Vikram Seth’s 'A Suitable Boy' is that ex-lover who simply won’t go away. You see her at weddings, and are compelled into those awkward jokes about how everyone and their future children will be married before you’ll ever dip your feet. You run into her during dates, with the gods of comedy aligning your tables within eye and earshot of one another. And you chance upon her during a mindless scroll, while pretending to be overjoyed at a tot’s birthday celebration on Zoom.

The long-awaited transference of Seth’s magnum opus to screen, via a BBC-developed six-part series, is the latest in this saga of former, fettered lovers. I haven’t watched the first few episodes of the miniseries much, though the opening montage of petals, parrots, and a sufficiently eastern melody appears to have been plucked right out of the Indian Yogic Academy’s Book of Appropriately Vedic Indian Things.

By becoming part of the confinement zeitgeist, the story is part of most everyday conversations, each time inflicting fresh masala to my guilt associated with the affair. You see, I’m yet to actually read the thing.
Pound for pound, Seth is among my three favourite writers. His books have transported and sweet-talked me into his worlds of exile and cadence whether equal or unequal. But A Suitable Boy has languished on the shelf, foreign to the taste. I’ve tried, even getting through its first few hundred pages on occasion. But that’s where the ardour has ended, exacting a fresh partition.

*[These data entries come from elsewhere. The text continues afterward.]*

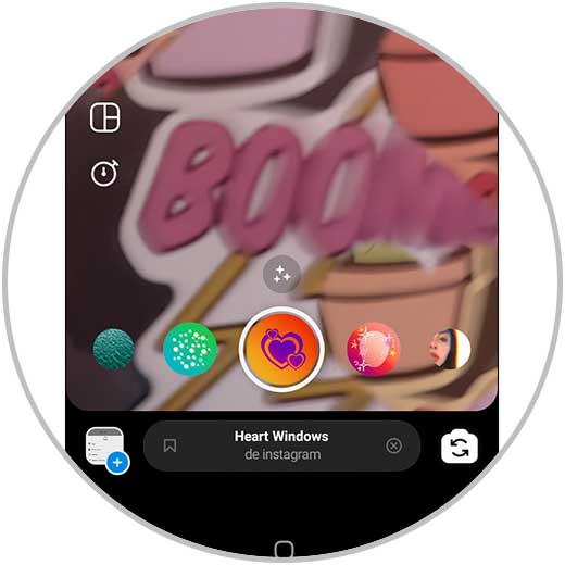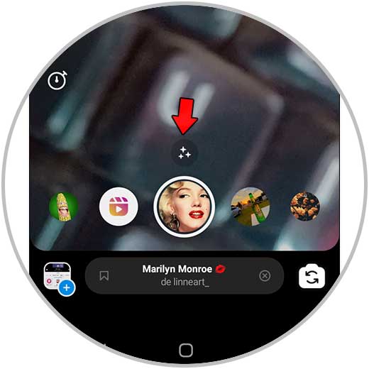 En la parte inferior de la pantalla, encima del botón central, vas a ver un icono de estrellitas de efectos. Pulsa sobre éste.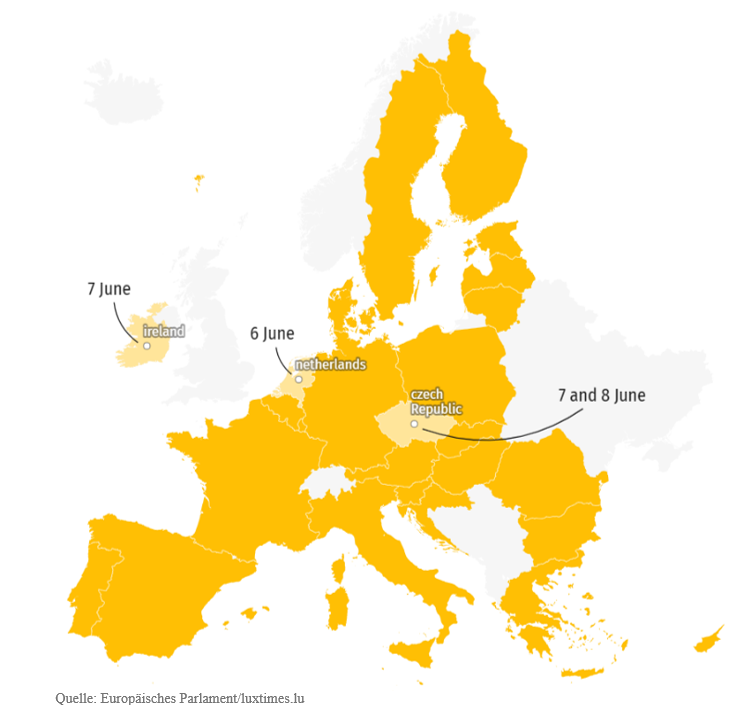 Termine der Europawahlen in den verschiedenen Mitgliedsstaaten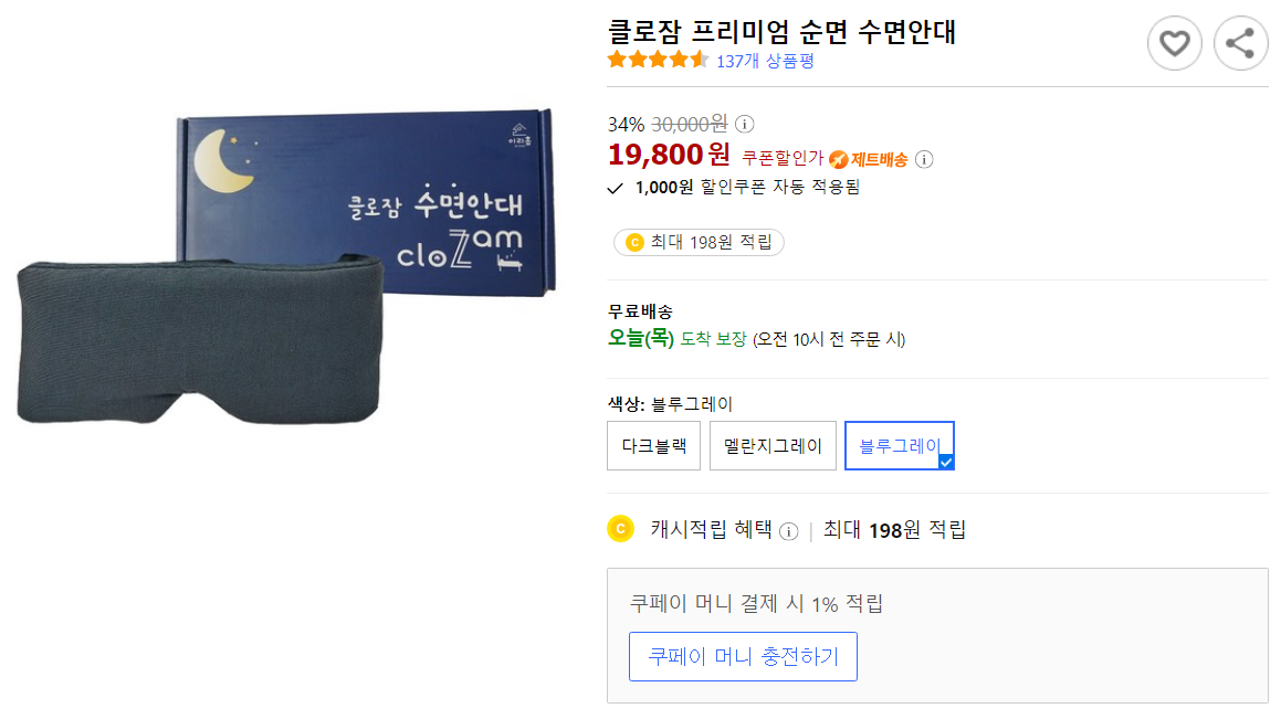 필자에게 수면 안대는 생존에 있어서 필수품이다. 그래서 구매했다.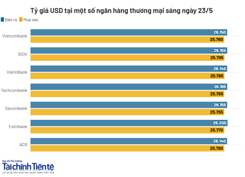Trong khi đó, giá mua - bán đồng bạc xanh tại hầu hết các ngân hàng được điều chỉnh theo xu hướng đi ngang so với chốt phiên ngày 22/5.

It isn’t as though the book isn’t touched with sublimity; it is. It’s just that some literary affairs were meant to remain the distant, imagined pleasure anchored to fraying shelves, their characters consigned to the imagination and fictional foreplay. With some of the larger, feted ones, it’s boredom that causes the rift; a few appear too draped in antiquated dialect for you to treat them seriously. And it’s not just the number of pages that’s the predicament, I have plenty of larger, cherished tomes, overflowing with a plethora of intertwinement. Many of the acclaimed bibles are simply too heavy on the soul, capable of inducing bafflement or just plain tedium.

And so they remain there the illegitimate caretakers of your bookshelves. Spoken about in hushed tones. Or flourished with knowledgeable pride should an academic arrive for dinner (now there’s a sexy party).
I will give the miniseries a go, given its cinematic pedigree. And I might yet give the book a twirl. Lovers are nothing, if not fickle.